И, что особенно важно, британская этика, оценивающая торговлю и благосостояние в конце XVIII века, не менялась от презрения к восхищению медленно. Фактически этика (понимаемая не как индивидуальная этика а-ля Макс Вебер, а как то, что почитается или позорится в обществе) - это то, что быстро изменилось, а не институциональная среда. Путешественник во времени из Англии 1630 г. или из Великобритании 1730 г. не был бы удивлен институциональным устройством Соединенного Королевства в 1830 г. - за исключением того, что до 1730 г. произошел переход к трансцендентной власти (основательно коррумпированного) парламента и ослабление к 1830 г. (основательно коррумпированного) короля. Суды действовали, как и прежде ("Это канцелярский суд", - говорил Диккенс). Права собственности не изменились. Уголовное право по-прежнему было направлено против бедных. Такие институты, как уголовное, договорное, имущественное и корпоративное право, изменились после этических изменений, а не до них.

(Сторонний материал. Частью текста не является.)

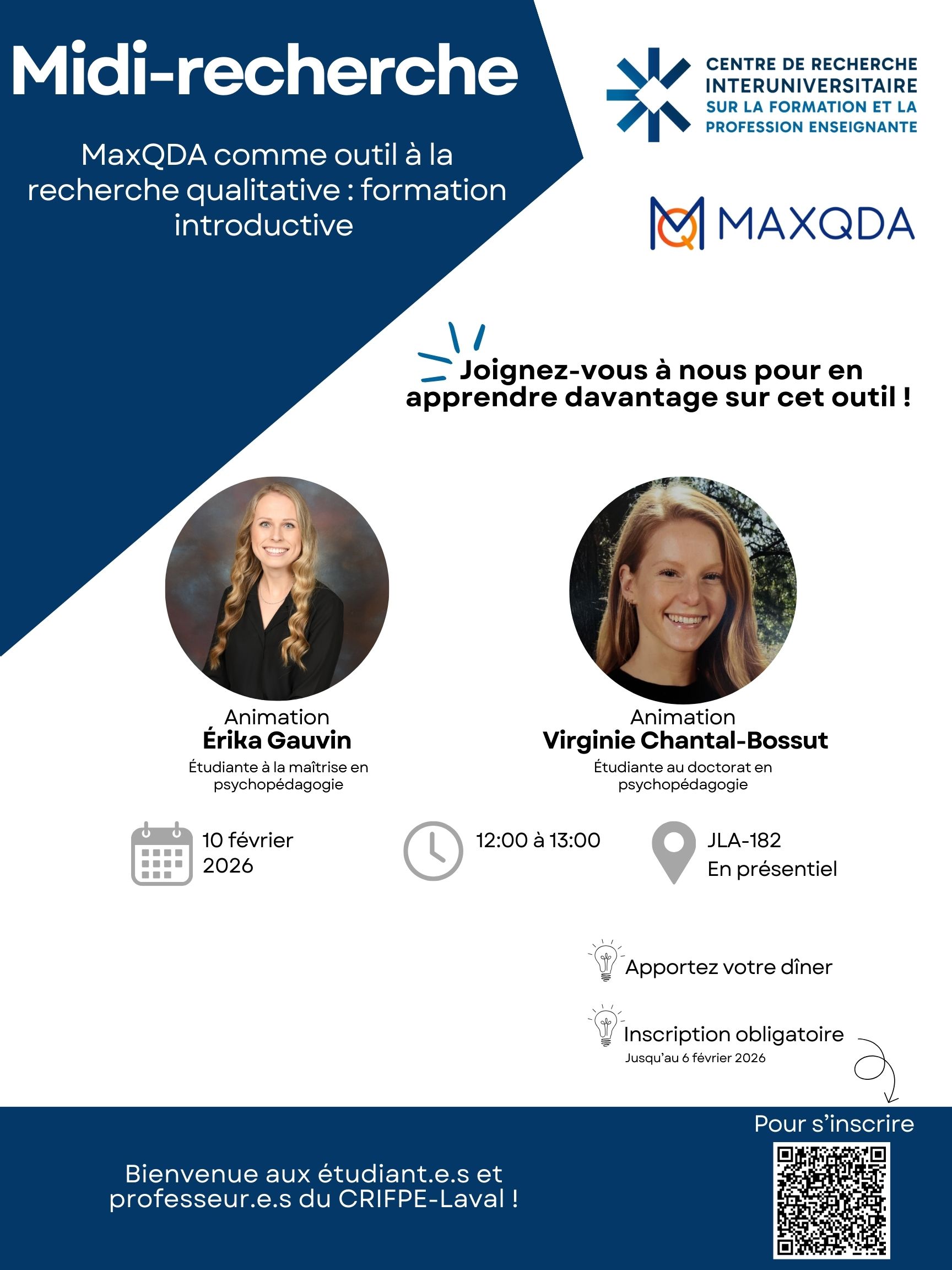 Description de la formation: La présente formation a pour objectif général de présenter et de faire connaître, principalement à la communauté étudiante, le logiciel MaxQDA comme outil à la recherche qualitative. Pour ce faire, lors de cette formation, nous aborderons les fonctionnalités de base de l’outil MaxQDA (p. ex. l’importation de documents audio et écrits, l’usage de la paraphrase et de notes personnelles) de même que celles du codage. Il est important de souligner que cette formation se veut une initiation et une exploration de l’outil. Ainsi, plusieurs fonctionnalités liées aux recherches à devis mixtes et aux analyses ne seront pas abordées.
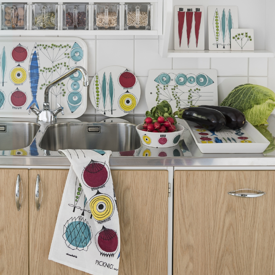 Marianne Westman (1928 - 2017) var en av Sveriges ledande designers. Under 1950-talet designade hon bland annat mönstret Picknick. Almedahls började, det som visade sig vara, ett långt och nära samarbete med Marianne 2009 när mönstret Picknick lanserades på textilier.

Институты - это глазурь на торте, если они не имеют этического подкрепления: водитель автобуса берет на себя профессиональную ответственность за планы и жизни шестидесяти человек, находящихся под его опекой, или политик сопротивляется взятке, которую ему предлагает фирма, строящая шоссе. Не следует также сводить их всегда к стимулам принуждения или вознаграждения. Увольнение или тюремный срок помогают, как и специальные медали, которые носят полицейские Нового Орлеана, не оставившие город, но они, в свою очередь, зависят от честных прокуроров и руководителей. Вспомним честных прокуроров и судей в Италии, которые в начале 1990-х годов ценой своей жизни расправились с мафией. Quis custodiet ipsos custodes, спрашивали римляне: кто будет следить за соблюдением законов? Идеологические изменения привносят нового беспристрастного зрителя в распространенные привычки сердца, "социализированную субъективность", по выражению Пьера Бурдье и Лоика Ваккана.⁶ Новые эгалитарные идеи в Европе - согласно которым водители автобусов и политики, профессора и домохозяйки почувствовали себя вправе нести равную ответственность - разбили пирог обычаев. Удивительно, но отношение к простым людям как к свободным и благородным сделало их по историческим меркам поразительно богатыми.